Data section: Begin
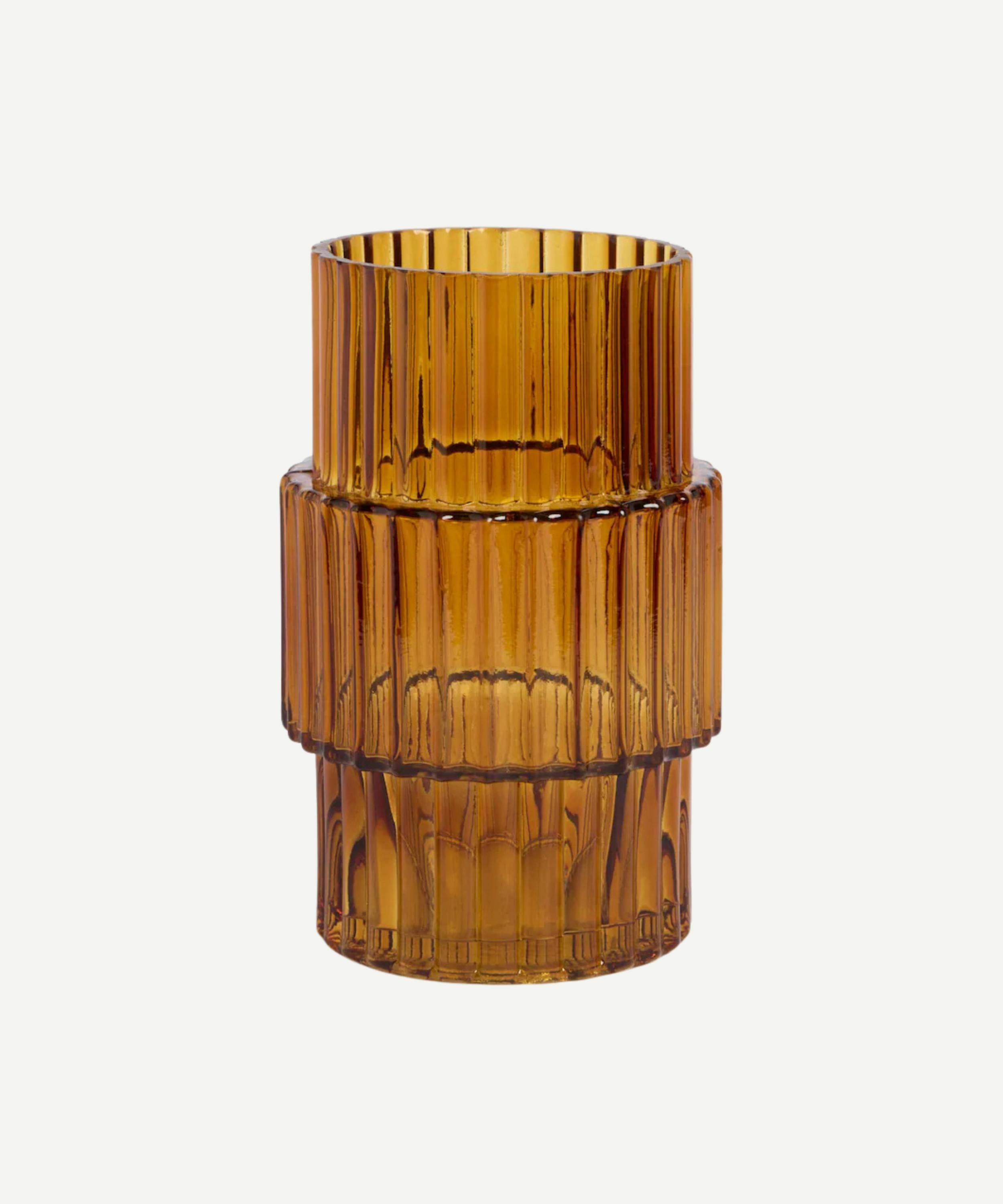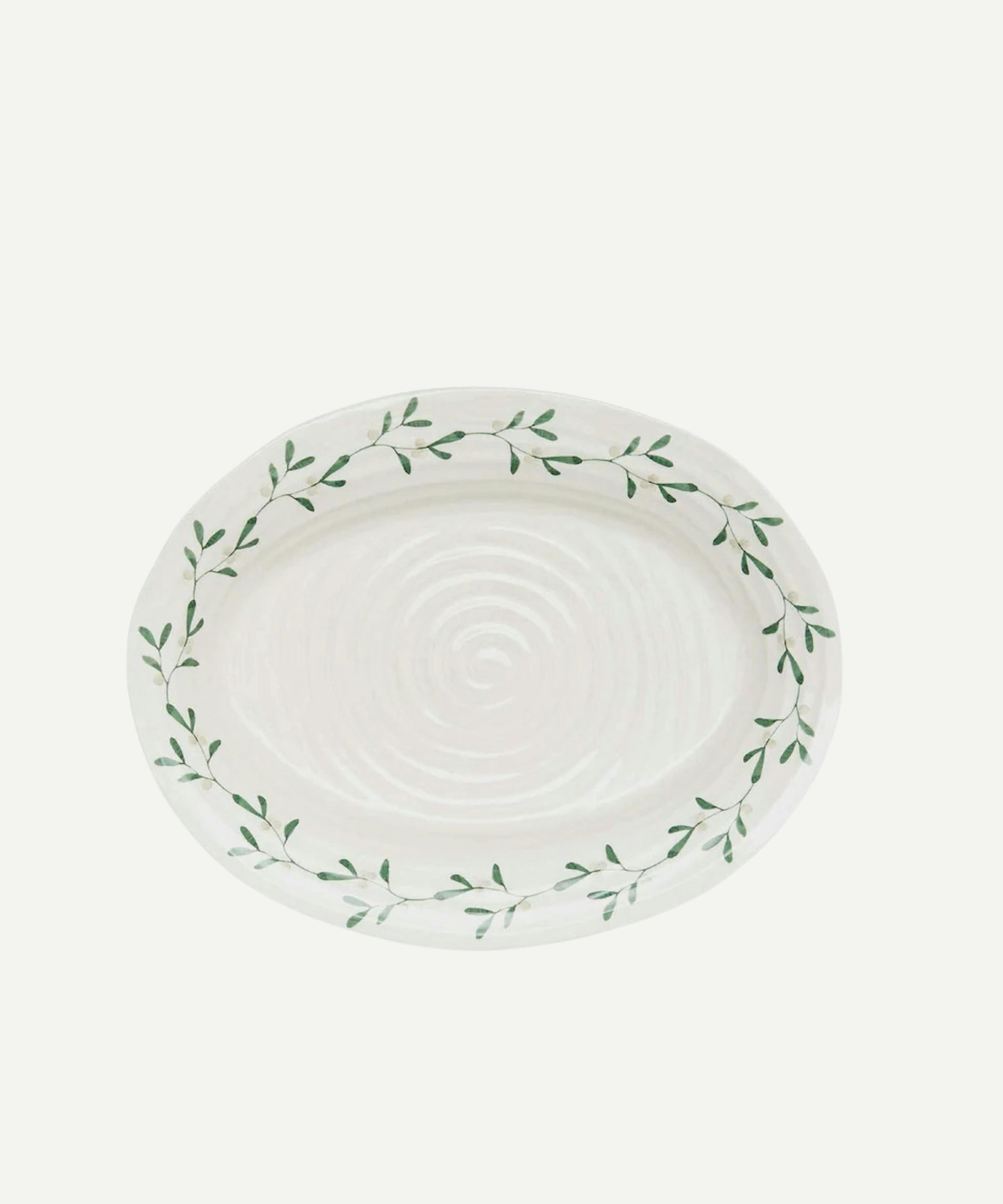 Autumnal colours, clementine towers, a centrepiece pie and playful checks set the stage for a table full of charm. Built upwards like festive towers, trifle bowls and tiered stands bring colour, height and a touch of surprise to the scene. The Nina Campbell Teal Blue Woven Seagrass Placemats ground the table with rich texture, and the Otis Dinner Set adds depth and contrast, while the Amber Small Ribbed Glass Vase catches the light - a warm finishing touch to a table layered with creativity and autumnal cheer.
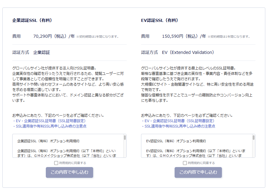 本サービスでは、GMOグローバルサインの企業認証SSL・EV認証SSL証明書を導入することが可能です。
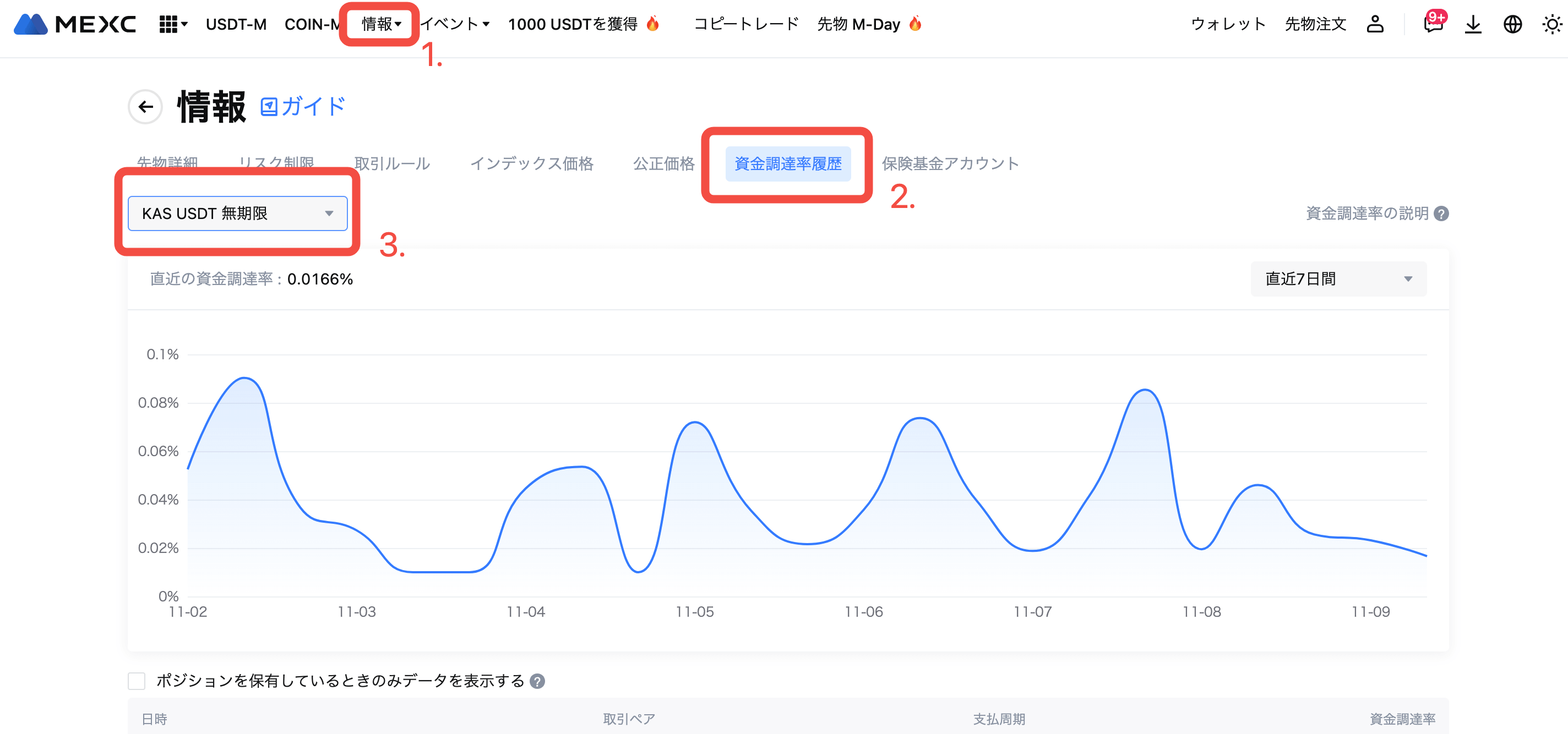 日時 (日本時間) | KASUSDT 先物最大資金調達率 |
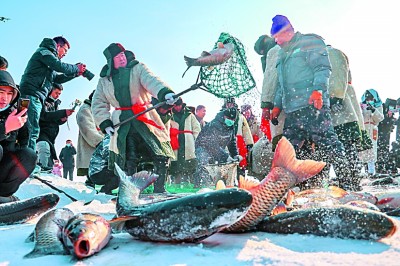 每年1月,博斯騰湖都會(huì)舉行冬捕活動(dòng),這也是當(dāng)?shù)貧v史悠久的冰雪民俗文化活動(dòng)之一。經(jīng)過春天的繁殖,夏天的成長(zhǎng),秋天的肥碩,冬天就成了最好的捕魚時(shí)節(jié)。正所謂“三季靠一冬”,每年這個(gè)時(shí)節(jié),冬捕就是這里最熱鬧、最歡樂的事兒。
Data section: End
= Problem details =
The line with "日時 (日本時間) | KASUSDT 先物最大資金調達率 |" marks the start, and the last line of the material marks the end. Reproduce exactly those two lines and every line between them, without the pictures.

= Solution for this exercise =
 日時 (日本時間) | KASUSDT 先物最大資金調達率 |
 每年1月,博斯騰湖都會(huì)舉行冬捕活動(dòng),這也是當(dāng)?shù)貧v史悠久的冰雪民俗文化活動(dòng)之一。經(jīng)過春天的繁殖,夏天的成長(zhǎng),秋天的肥碩,冬天就成了最好的捕魚時(shí)節(jié)。正所謂“三季靠一冬”,每年這個(gè)時(shí)節(jié),冬捕就是這里最熱鬧、最歡樂的事兒。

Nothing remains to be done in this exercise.